Reproduz-se em quase todas as ilhas de Cabo Verde, exceto no Maio e na Santa Luzia, e nos ilhéus Raso, Rabo-de-Junco e Curral Velho. Verificou-se à pouco tempo a nidificação na ilha do Fogo. Faz o ninho em buracos no chão ou cavidades rochosas que podem ser muito ou pouco profundas, estando presente em locais muito acessíveis no chão ou em zonas inacessíveis de falésias. Durante a reprodução encontra-se presente nas águas de Cabo Verde e na costa oeste africana desde o Senegal até à Mauritânia, migrando posteriormente para a América do Sul nas águas do Brasil  (González-Solís et al. 2009).

Mapa de distribuição da Cagarra em Cabo Verde

Cagarra a voar no mar

Reprodução e fenologia

Inicia a reprodução a partir do mês de março quando regressa aos mares de Cabo Verde e às suas colónias para acasalar.
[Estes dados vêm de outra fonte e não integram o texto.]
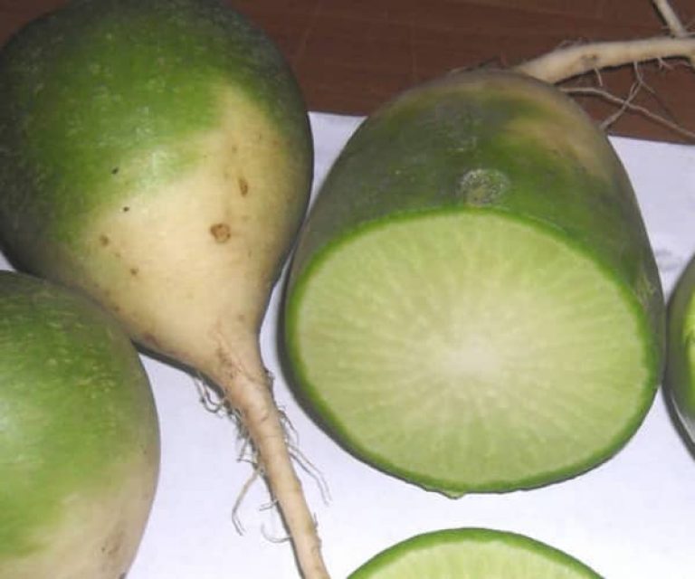 Семена редьки «Маргеланская» высевают в первой половине июля. Посев производят во влажную землю либо во время дождя. Рассада редьки «Маргеланская» быстро прорастает и не требует ухода. Урожай можно собирать чрез два месяца после появления всходов. Масса корнеплодов достигает 400 г. Они имеют овальную форму и окрашены в зеленоватый оттенок. Мякоть обладает нежно-острым вкусом, сочная. Окрашена она в светло-зеленый цвет. Сорт семян редьки «Маргеланская» хорошо хранятся, при этом не теряют свои вкусовые и товарные качества. Также корнеплоды обладают всеми лечебными свойствами зимней редьки.

Coloca um único ovo anualmente no início de junho, após o qual a fêmea abandona o ninho por alguns dias para recuperar energias e reservas perdidas durante o processo de formação e postura, ficando o macho no ninho a incubar. A incubação dura aproximadamente 2 meses, durante a qual os machos e as fêmeas partilham os turnos de incubação durante 8 ± 4 dias seguidos (Paiva et al. 2015). As crias nascem entre o final de julho e o início de agosto. Nos primeiros dias as crias ainda não conseguem termorregular a sua própria temperatura corporal e por isso um dos progenitores mantêm-se com a cria durante todo o dia. Posteriormente, os progenitores só visitam o ninho à noite para alimentar a cria, sendo que estas visitas vão diminuindo progressivamente com o aproximar do final da época reprodutora (Paiva et al. 2015). As crias atingem um valor máximo de peso entre as 8-9 semanas (± 500 g), a partir do qual começam a diminuir de peso até aos ± 450 g e 300 mm de asa, acabando por abandonar o ninho, entre o final de outubro e o início de novembro (Rodrigues 2014).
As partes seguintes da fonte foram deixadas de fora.